Читать книгу Прошлое в наказание - Игорь Харичев - Страница 5
ПРОШЛОЕ В НАКАЗАНИЕ
Глава первая
Адажио
ОглавлениеОн сказал: «Ты бы поосторожнее… там», и я глянул на него с таким удивлением, с каким, быть может, смотрели на Христа, совершающего чудеса, древние иудеи. Но мой двоюродный брат не был спасителем человеческих душ, не был кудесником. Впрочем, я никогда не знал, чем именно он занимается. Кроме одного: он работал там же, где и его отец, мой дядя. А в той организации ангелы сроду не водились.
Наши родители не поддерживали отношений. Хотя я знал, что у меня есть дядя, есть двоюродный брат, который немного старше меня, эта тема была запретной в нашем доме. Я с давних пор понимал, что ее не стоит затрагивать. Дядя и его семья существовали рядом в каком-то параллельном измерении. Ходили по тем же московским улицам, спускались на тех же эскалаторах в метро, смотрели те же фильмы в тех же кинотеатрах, дышали тем же воздухом. Но пути наши упрямо не пересекались. До определенной поры.

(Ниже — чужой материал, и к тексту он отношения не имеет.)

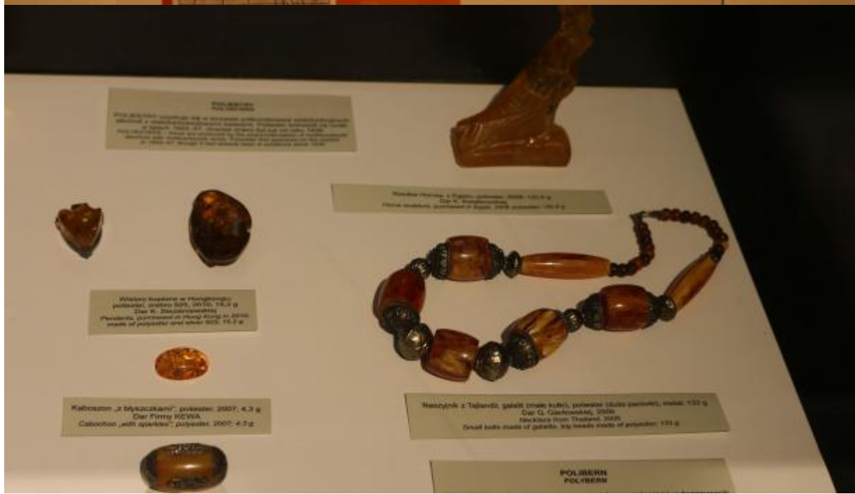
Wieszak Wieszak wykonany z polimeru, 2007, 15,2 g Pendant made of polyester, 2007, 15.2 g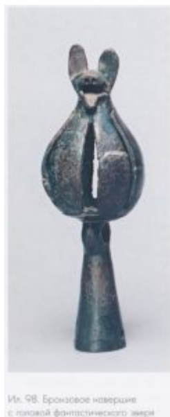
Ил. 98. Бронзовое навершие с головой фантастического зверя

Некоторые исследователи полагают, что скифское искусство сложилось на основе ассирийской, урартской и североиранской изобразительных традиций в период пребывания евразийских кочевников на Ближнем Востоке. Однако эту точку зрения опровергают памятники звериного стиля, созданные на территории Евразии в 8 — начале 7 века до н.э., т.е. до начала скифской экспансии в Закавказье и Переднюю Азию. Поэтому не приходится сомневаться в том, что скифы появились в этом регионе с уже развитой художественной культурой, которая, однако, окончательно оформилась и обогатилась под воздействием переднеазиатского искусства.

Однажды, когда я учился в девятом классе, меня познакомили с Эдуардом на вечеринке. Я смотрел на него с любопытством – плечистый, сильный, с мужественным, слегка насмешливым лицом. Похоже, и ему была небезынтересна моя особа. Но недоверие, вложенное родителями в наше сознание, сыграло свою роль: мы не пытались сблизиться ни в тот раз, ни позже. Правда, сведения как-то находили нас – меня, родителей. «Эдуард поступил на юридический», – сказала как бы между прочим мать. Это было давно. Мы ужинали в кухне, тесной, мрачноватой кухне родительского дома. «И этот туда же», – мстительно проговорил отец. «А может, он судьей хочет стать. Или прокурором», – возразила мать. «Чепуха. Тут всё ясно».
После окончания университета Эдуард исчез года на два: где он, что он, никто не мог сказать. Потом опять появился, и говорили, будто он – следователь в прокуратуре. Но отец был уверен – работает там, где и Васька, дядя Вася, Василий Иванович. Его родной брат, с которым он не желал иметь ничего общего. Через года три подтвердилось, что Эдуард на самом деле работает там. Отец злорадствовал: «Я же говорил». Словно его правота что-то меняла.
Когда я увидел Эдуарда в тесном зале больничного морга, я не удивился. Не потому, что был измотан похоронными приготовлениями, не потому, что мысли мои были в той, далекой от сиюминутного бытия плоскости, которой благополучно избегает устроенное, плавно текущее существование. Я чувствовал, что он должен появиться в моей жизни. Могло ли быть иначе? Как две частицы, брошенные в круговорот времени, неумолимо влекомые друг к другу, мы обречены были столкнуться.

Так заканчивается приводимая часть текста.